In the example above, we would feed the list of FASTQ files in ~/scaling-up/inputs/ to the variable $(fastq_read_subset_file) as a list of strings. A closer representation to HTCondor's list of jobs structure is the while loop. If you are familiar with the while loop in bash, you could also consider the set of job submissions to mirror something like:

while read fastq_read_subset_file;
do
    ./minimap2.sh $(fastq_read_subset_file)
done < list_of_fastq.txt

Here we feed the contents of list_of_fastq.txt, the list of files in ~/scaling-up/inputs/ to the same $(fastq_read_subset_file) variable.
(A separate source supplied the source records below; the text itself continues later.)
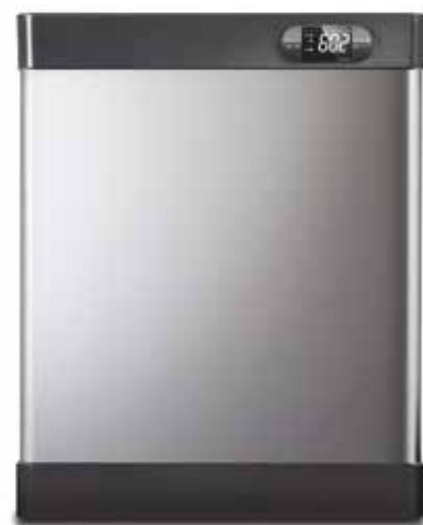
LEHnéo 6, 12, 24

Le plus Teddington : Générateur vapeur à pression atmosphérique : diffusion de la vapeur dans le hammam en silence.
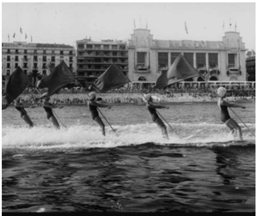
Les championnes du monde de ski nautique en démonstration sur la Côte d'Azur, 1967
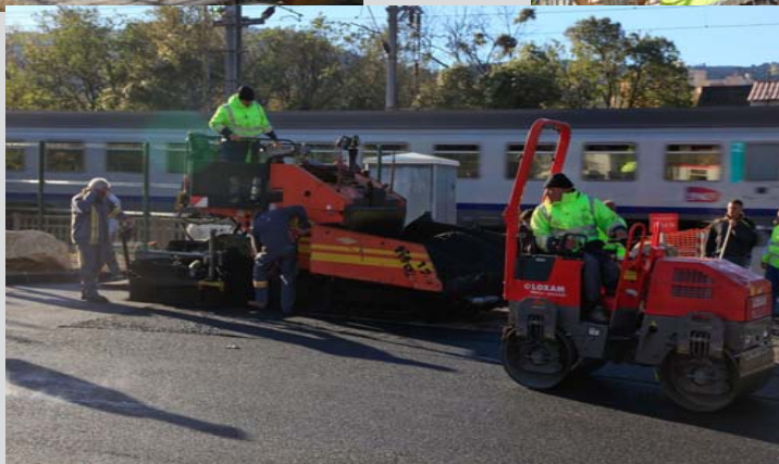
Travaux de voiries
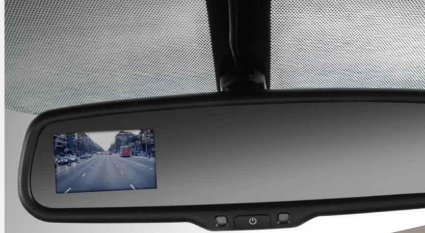
Cámara de reversa con display en espejo retrovisor
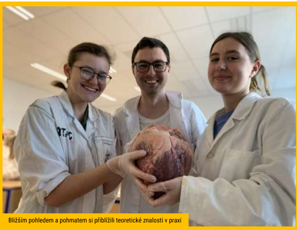
Bližším pohledem a pohybem si přiblížili teoretické znalosti v praxi

Požadavky doby velí věnovat pozornost také výuce cizích jazyků. Škola v rámci rozvoje jazykových znalostí žáků neustále rozšiřuje servis nabízených služeb v této oblasti. Pravidelně se pořizují cizojazyčné materiály určené k zapůjčování, v nabídce volitelných předmětů je např. seminář přípravy na certifikát FCE a CAE, seminář anglické translologie či seminář z historie v angličtině. Pedagogové nabízejí osobní konzultace, organizují pre-testy a zajišťují ostré zkoušky, od centrálního přihlašování a platby až po realizaci testů. Angličtina, francouzština, ruština a španělština jsou posíleny podle možností o hodiny s rodilými mluvčími, čímž získávají žáci možnost
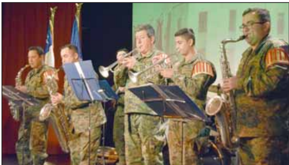
TREMENDA PRESENTACIÓN. - La Banda Instrumental del Regimiento Yungay N°3, de Los Andes, interpretó selectos temas musicales para el deleite de los homenajeados y autoridades invitadas.

les reconocemos a ellos ese trabajo y esfuerzo con este pequeño homenaje pero significativo, toda vez que al cumplir este aniversario número 86 es que estamos haciendo todas estas actividades que nos permiten interactuar con ellos, no olvidarlos, saber que siempre están con nosotros, un detective puede jubilar de
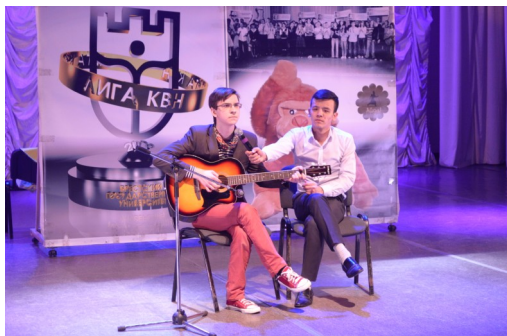
III тур университетской лиги КВН
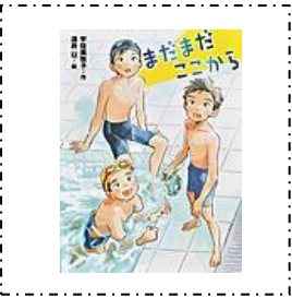
『まだまだここから』 ポプラ社 宇佐美牧子/作
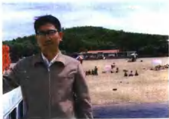
工作以后第一次外出
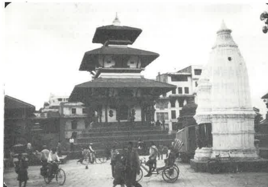
Frå Kathmandu. Slike hinduistiske tempel finn ein på mest kvart gatehjørne.
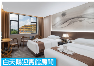
白天鵝迎賓館房間

出發日期: (大假期除外) 2026年3月1日至12月31日 集合時間: (逾時不候) 08:00 羅湖口岸 / 09:00 深圳灣口岸
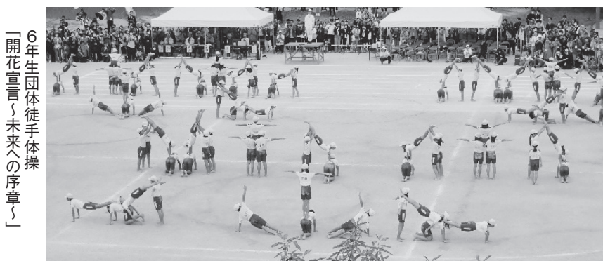
6年生団体徒手体操「開花宣言〜未来への序章〜」

1年生から6年生まで全学年がそろって行う浜脇小学校の運動会が昨年10月14日、4年ぶりに開催されました。午前中のみで、学年リレーと学年競技を行いました。
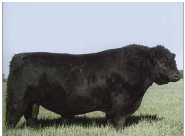
Líder. Abuelo materno del 7177.
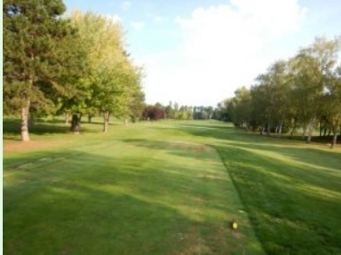
Loch 11 (Par 4, 336m)
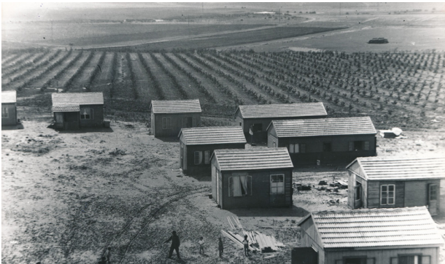
בגבעת חיים. ארכיון הקק"ל
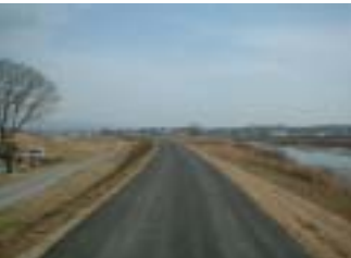
郡山管内上流堤防除草その他 工事 (施工:石橋建設工業)
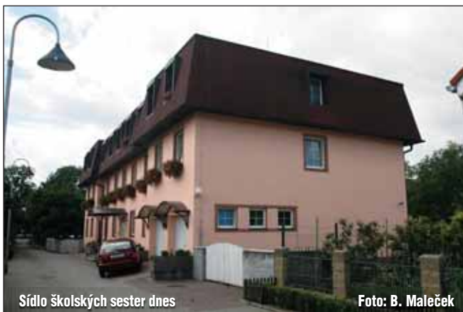
Sídlo školských sester dnes

The while loop iterates through each line of list_of_fastq.txt, appending the line's value to $(fastq_read_subset_file).

Try It Yourself!

You've split your large FASTQ file into multiple read subsets, and you're ready to run minimap2 on all of them in parallel.

  1. Edit your submit file to use the queue <var> from <file> syntax.
  2. Ensure the arguments, transfer_input_files, transfer_output_files fields change with each input.
  3. Ensure your log, error, and output files all include the name of the read subset file being used mapped in this job.
  4. Organize the output files using the correct transfer_output_remaps statement

Before submitting:

  • Are all your subset filenames listed in list_of_fastq.txt?
    • Did you test at least one job successfully?
    • Are you remapping outputs into the outputs/ folder?

When ready, submit with: condor_submit minimap2_multi.submit

Solution - ⚠️ Try to Solve Before Viewing ⚠️

Your final submit file, minimap2_multi.submit, should look something like this:

+SingularityImage      = "osdf:///ospool/ap40/data/<user.name>/scaling-up/software/minimap2.sif"

executable             = ./minimap2.sh
{==arguments              = $(read_subset_file)==}
transfer_input_files   = {==./input/$(read_subset_file)==}, osdf:///ospool/ap40/data/<user.name>/scaling-up/inputs/reference_genome.fasta

transfer_output_files  = {==./$(read_subset_file)_output.sam==}
transfer_output_remaps = {=="$(read_subset_file)==}_output.sam=output/{==$(read_subset_file)==}_output.sam"

output                 = logs/output/job.$(ClusterID).$(ProcID){==_$(read_subset_file)==}_output.out
error                  = logs/error/job.$(ClusterID).$(ProcID){==_$(read_subset_file)==}_output.err
log                    = logs/log/job.$(ClusterID).$(ProcID){==_$(read_subset_file)==}_output.log

request_cpus           = 2
request_disk           = 4 GB
request_memory         = 4 GB

queue {==read_subset_file from ./list_of_fastq.txt==}

Checking Your Jobs' Progress

We can use the command condor_watch_q to track our job submission. As your jobs progress through the various job state, Condor will update the output of condor_watch_q.

Pro-Tip: Jobs Holds Aren't Always Bad!

Seeing your jobs in the Held state? Don’t panic! This is often just HTCondor doing its job to protect your workflow.

Holds can happen for a variety of reasons: missing input files, typos in submit files, or temporary system issues. In many cases, these issues are transient and easily recoverable.

To check why your job is held:

condor_q -held

To release your held job after fixing the issue (e.g., typos or missing files): [Not necessarily true. They'll need condor_qedit or resubmission]

condor_release <JobID>

If you're unsure whether to release or dig deeper, or if the hold message is cryptic—we’re here to help! Reach out to the OSG Support team at [email protected] with your job ID(s) and a brief description of what you're trying to do. We’re always happy to assist.

Remember: held jobs are a signal, not a failure. Use them to improve and scale your workflows with confidence.